Why use this? ✨ You need a perfectly clean, round 28mm hole for the tank connector’s rubber gasket to seal properly. A hole saw is the only tool that does this quickly 💨 and cleanly in plastic. 🏆

🔵 Hole Saw vs. 💎 Dry Diamond Core Drill

These tools are designed for very different materials and jobs. Using the wrong one will lead to a bad result! 👎

🔵 Hole Saws

A hole saw is a cylinder with saw teeth on the edge and a pilot drill bit in the centre.

  • How it Works: It saws the material. 🪚 The pilot bit locks onto the centre point, and the spinning teeth cut a circular path, removing a “plug” of material.

  • Best For: Softer materials like plastic (your water container 🪣), wood 🪵, plasterboard, and thin metal.

  • Action: Aggressive and fast! 💨

  • Why for your project: It’s the ideal choice. 👍 It will cut quickly and cleanly through the plastic of your water container without melting it (if you use a medium speed).

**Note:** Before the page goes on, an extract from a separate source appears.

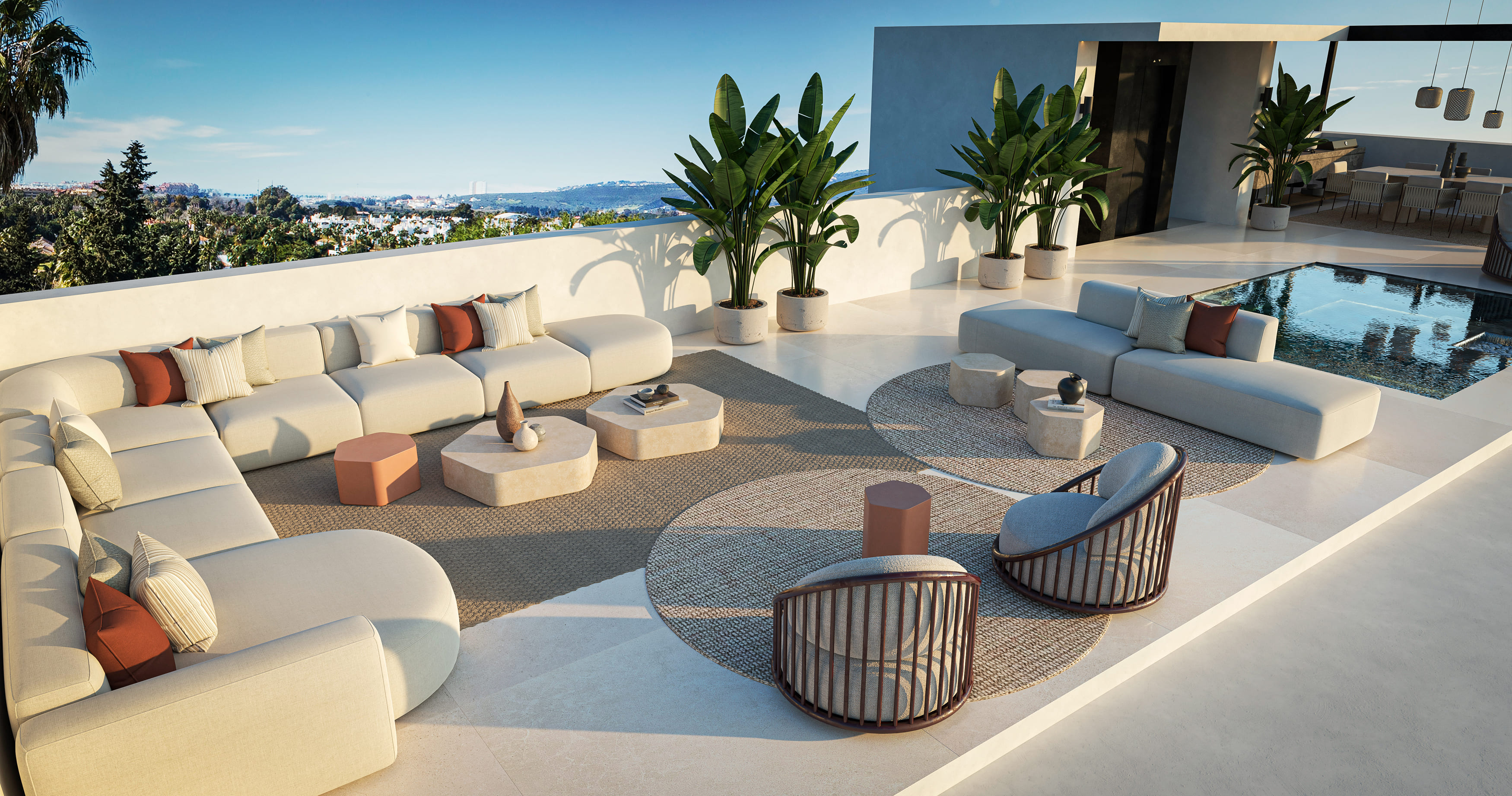 The exterior design of the villas in Estepona is impressive, with features that stand out for their elegance and functionality. Each villa boasts a private pool, perfect for enjoying the sunny climate of the region. The spacious terraces offer an ideal space for outdoor entertainment or simply relaxing while enjoying the views. Additionally, the solarium provides an extra place for sunbathing and enjoying moments of tranquility. The inclusion of an electric car charging point underscores the commitment to sustainability and modernity.
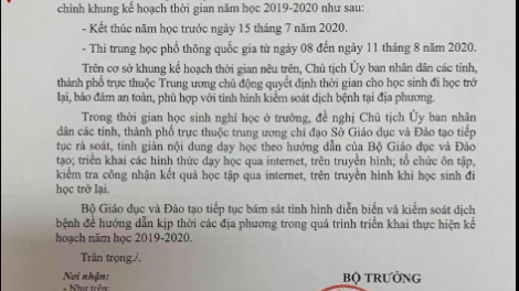 Bộ Giáo dục và Đào tạo điều chỉnh lần 2 khung kế hoạch thời gian năm học 2019-2020

💎 Dry Diamond Core Drill Bits

A diamond core bit is a hollow cylinder with industrial diamonds fixed to the cutting edge.

  • How it Works: It grinds the material. Instead of sawing teeth, the super-hard diamonds slowly abrade and pulverise the material into dust.

  • Best For: Very hard, brittle materials like porcelain tile, ceramic 🏺, granite, stone 🪨, and brick 🧱.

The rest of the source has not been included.